As something of a boss himself, both in his relationship with actors as well as in the setting up of the Zentropa film production company, there’s a certain amount of self-referencing and self-deprecation thrown into the mix here as well and, inevitably with this particular director – as indicated by occasional in-between monologues – there’s a meta-dimension and a bit of a personal challenge involved. The gimmick this time around is Trier’s “Automavision” concept, allowing a computer to randomly select camera angles, taking no responsibility himself for directing the camera shots, but leaving it to an impersonal IT “boss”. In practice, this doesn’t really add a great deal to the film, or detract from it either, but if it revitalises the director and takes him on to the next stage of his career, then we should be happy to indulge him. It’s not particularly high-concept this time around for Lars von Trier, but at the very least, as a comedy film, The Boss Of It All should be funny. Thankfully, it doesn’t disappoint on that score at all.

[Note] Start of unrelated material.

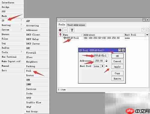 7、 在Address字段中输入分配的IP地址范围:192.168.250.60-192.168.250.80,确保覆盖所有需要使用的地址,以便后续PPPoE客户端获取有效IP。
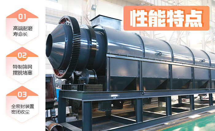 2、由于物料在滾筒內(nèi)不停地翻轉(zhuǎn)、滾動,使得卡在篩孔中的物料彈出,進而可以防止篩孔堵塞。

The Boss Of It All is released in the UK by Diffusion. The film is presented on a dual-layer disc, in PAL format and is encoded for Region 2.

The image is not of the highest quality, but using shots selected randomly with sometimes inappropriate framing and lighting, neither is it meant to be. Hence deep blues and shadow detail tend to shimmer and break up a bit, particularly in underlit interiors. Other than that however, there is little to fault with the image quality, which is much how it is intended to look and often very clear with good tones. Surprisingly however, the transfer is letterboxed and non-anamorphic. One doubts that the image would look much better with 16:9 enhancement, but it would seem that other international editions of the film on DVD are indeed anamorphic, so this is disappointing.

The Dolby Digital 2.0 mono audio track is recorded under similar constrictions to the Automavision process. It’s clear, functional and gets the job done and gets it done reasonably well, but there’s not much else you can say about it.

English subtitles are provided and seem to capture the humour of the script as well as can be managed within the limitations of the national humour and in-jokes. While they are clear, in a white font and easily read, the subtitles however are rather large and, fixed on the transfer, they cannot be removed.

Interviews and Behind The Scenes (9:52)
Lars von Trier talks briefly about the idea behind the film, working in Danish and his love for screwball comedies, as well as how the Automavision concept worked (or didn’t). Jens Albinus, Peter Gantzler and members of the crew also provide input on the filmmaking process for the film.

Short Film: The Sickie (13:46)
Keeping with the office theme, Diffusion have included a 2006 short film by Rupert Jones where a harried office worker, pushed one step too far tries to pull a sickie, but finds his indispensability makes the lure of the office too strong to resist. Stars the wonderful Toby Jones (Infamous). Presented in an anamorphic transfer (all the extras are anamorphic, but not the feature film), the image quality is flawless.

A few text pages explain the shooting process in The Boss Of It All, where a randomised angles are selected on a fixed camera position. It’s certainly the most random constraint used by Trier in his films.

Five stills are shown in a 50 second slideshow.

Inevitably, even doing a straightforward comedy film, Lars von Trier can’t help but play around with meta-narratives and filmmaking concepts, but more importantly the essential humour and satire of The Boss Of It All is strong and entertaining. Diffusion’s releases can usually be relied upon for good transfers and extra features and, but for the disappointing decision to go with a non-anamorphic transfer and fixed subtitles, the transfer is as good as the film allows and the extra features are light but informative.